▶ _Exercise details_:
Below are entries; output exactly the lines from the one with "Blusa Regata Cropped" to the one with "ガラス引戸の収納棚[古家具]", both included, and nothing else.
[Given entries — start]
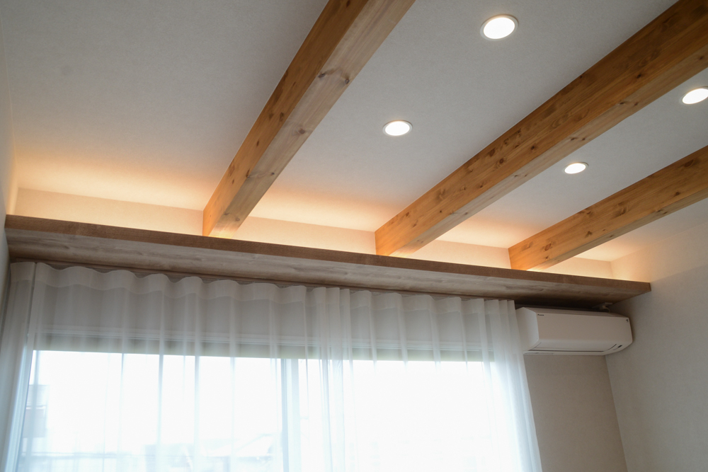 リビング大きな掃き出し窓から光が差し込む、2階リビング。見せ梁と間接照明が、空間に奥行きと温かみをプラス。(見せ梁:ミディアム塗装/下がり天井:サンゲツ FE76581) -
[Given entries — finish]
[Given entries — start]
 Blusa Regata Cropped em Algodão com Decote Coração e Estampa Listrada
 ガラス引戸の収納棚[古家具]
[Given entries — finish]
▶ _Solution for this task_:
 Blusa Regata Cropped em Algodão com Decote Coração e Estampa Listrada
 ガラス引戸の収納棚[古家具]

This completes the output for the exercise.